Every line of the entries below from the one containing "Star Tip Star" to the one containing "напиши - как", both ends included, must be written out exactly. No other line belongs in the answer.

Supplied records –
****************************************

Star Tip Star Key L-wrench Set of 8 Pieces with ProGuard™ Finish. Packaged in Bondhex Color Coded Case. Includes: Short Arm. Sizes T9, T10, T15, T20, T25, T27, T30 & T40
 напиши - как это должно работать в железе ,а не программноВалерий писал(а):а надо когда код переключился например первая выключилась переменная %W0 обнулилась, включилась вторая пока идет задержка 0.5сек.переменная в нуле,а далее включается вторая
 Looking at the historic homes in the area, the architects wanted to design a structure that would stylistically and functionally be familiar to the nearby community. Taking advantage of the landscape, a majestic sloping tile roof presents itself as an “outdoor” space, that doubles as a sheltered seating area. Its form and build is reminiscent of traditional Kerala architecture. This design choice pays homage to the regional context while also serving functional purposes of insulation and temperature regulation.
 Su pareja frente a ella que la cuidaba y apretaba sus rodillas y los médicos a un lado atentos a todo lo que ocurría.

****************************************

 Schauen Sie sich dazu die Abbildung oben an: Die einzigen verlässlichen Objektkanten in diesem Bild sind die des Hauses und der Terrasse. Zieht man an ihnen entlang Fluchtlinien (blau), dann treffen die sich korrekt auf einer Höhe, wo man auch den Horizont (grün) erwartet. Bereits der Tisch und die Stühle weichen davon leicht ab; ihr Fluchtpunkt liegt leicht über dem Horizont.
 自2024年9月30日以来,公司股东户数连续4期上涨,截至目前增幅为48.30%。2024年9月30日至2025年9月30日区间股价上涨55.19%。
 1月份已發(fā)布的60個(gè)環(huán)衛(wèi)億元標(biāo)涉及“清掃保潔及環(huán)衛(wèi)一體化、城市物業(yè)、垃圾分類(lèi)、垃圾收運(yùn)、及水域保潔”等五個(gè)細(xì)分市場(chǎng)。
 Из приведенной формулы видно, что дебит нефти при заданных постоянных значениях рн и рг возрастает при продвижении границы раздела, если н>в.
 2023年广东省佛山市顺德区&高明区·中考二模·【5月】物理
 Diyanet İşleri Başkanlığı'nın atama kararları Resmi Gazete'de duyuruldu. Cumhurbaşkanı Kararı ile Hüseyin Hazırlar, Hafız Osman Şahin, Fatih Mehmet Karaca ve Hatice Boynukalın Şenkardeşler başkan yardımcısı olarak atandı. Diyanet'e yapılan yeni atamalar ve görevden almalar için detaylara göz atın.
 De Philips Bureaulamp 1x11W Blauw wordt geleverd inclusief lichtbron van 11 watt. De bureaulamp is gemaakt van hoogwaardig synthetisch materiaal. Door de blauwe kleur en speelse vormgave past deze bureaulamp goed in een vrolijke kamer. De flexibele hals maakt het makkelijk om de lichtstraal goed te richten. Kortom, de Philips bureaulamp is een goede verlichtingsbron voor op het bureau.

****************************************

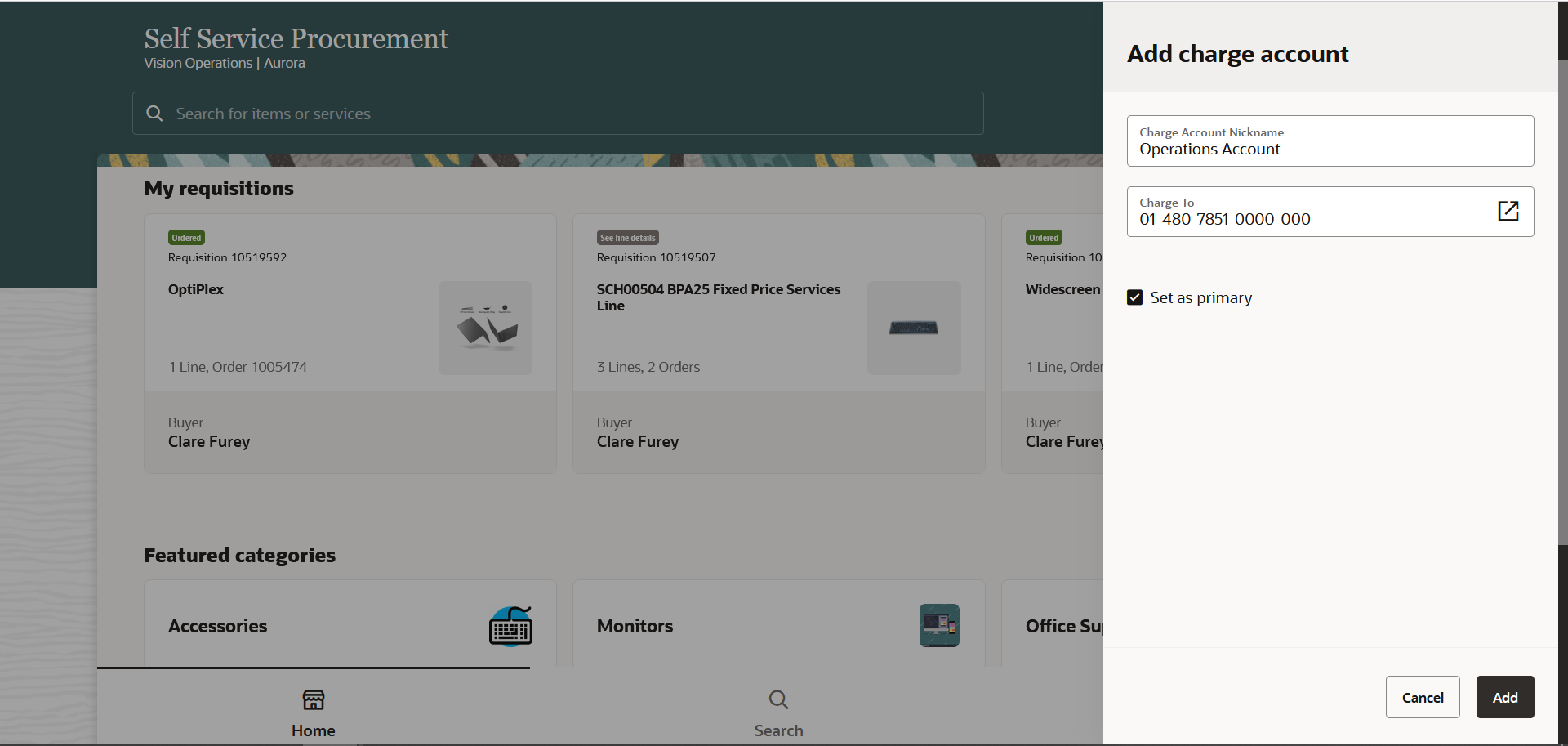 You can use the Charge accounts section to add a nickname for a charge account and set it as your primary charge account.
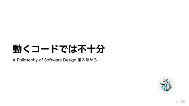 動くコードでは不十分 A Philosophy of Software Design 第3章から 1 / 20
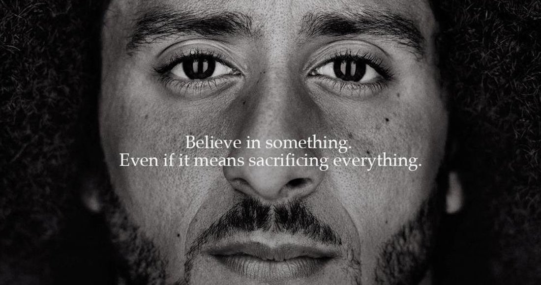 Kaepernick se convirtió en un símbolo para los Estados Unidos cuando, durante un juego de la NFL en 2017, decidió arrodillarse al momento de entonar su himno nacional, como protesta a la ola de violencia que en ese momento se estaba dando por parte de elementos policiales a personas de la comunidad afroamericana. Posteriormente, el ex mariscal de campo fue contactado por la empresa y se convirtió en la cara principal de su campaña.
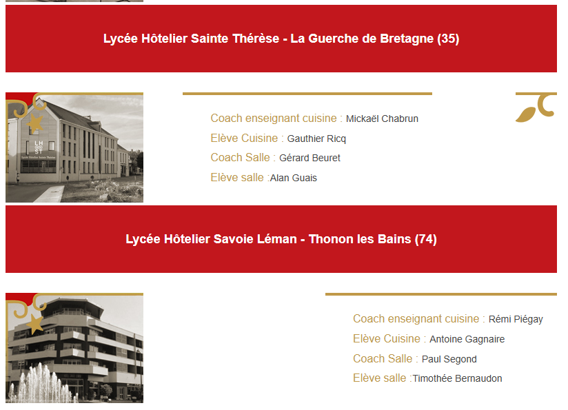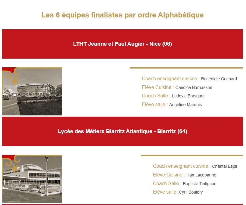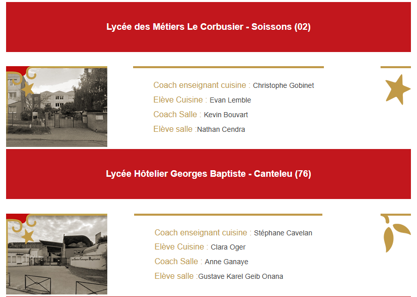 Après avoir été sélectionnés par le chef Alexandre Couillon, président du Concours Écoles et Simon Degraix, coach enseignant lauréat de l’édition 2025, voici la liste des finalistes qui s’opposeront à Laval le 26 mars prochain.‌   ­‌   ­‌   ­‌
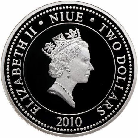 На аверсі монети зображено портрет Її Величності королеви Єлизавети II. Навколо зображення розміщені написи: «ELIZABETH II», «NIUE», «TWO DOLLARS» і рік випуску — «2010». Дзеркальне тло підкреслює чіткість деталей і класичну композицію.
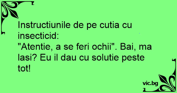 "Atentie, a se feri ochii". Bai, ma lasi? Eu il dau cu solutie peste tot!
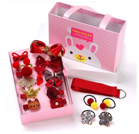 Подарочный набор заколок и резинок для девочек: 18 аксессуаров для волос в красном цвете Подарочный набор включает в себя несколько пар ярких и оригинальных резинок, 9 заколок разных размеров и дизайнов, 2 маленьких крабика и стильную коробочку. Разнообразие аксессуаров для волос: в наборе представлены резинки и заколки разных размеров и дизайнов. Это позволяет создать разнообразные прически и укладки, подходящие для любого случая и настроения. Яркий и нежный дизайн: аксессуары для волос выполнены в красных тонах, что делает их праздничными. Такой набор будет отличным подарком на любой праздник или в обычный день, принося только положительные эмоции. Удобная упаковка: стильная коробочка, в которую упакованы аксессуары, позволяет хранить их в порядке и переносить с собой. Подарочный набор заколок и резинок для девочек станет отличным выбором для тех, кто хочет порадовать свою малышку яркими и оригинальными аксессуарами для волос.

****************************************

Output below –
Star Tip Star Key L-wrench Set of 8 Pieces with ProGuard™ Finish. Packaged in Bondhex Color Coded Case. Includes: Short Arm. Sizes T9, T10, T15, T20, T25, T27, T30 & T40
 напиши - как это должно работать в железе ,а не программноВалерий писал(а):а надо когда код переключился например первая выключилась переменная %W0 обнулилась, включилась вторая пока идет задержка 0.5сек.переменная в нуле,а далее включается вторая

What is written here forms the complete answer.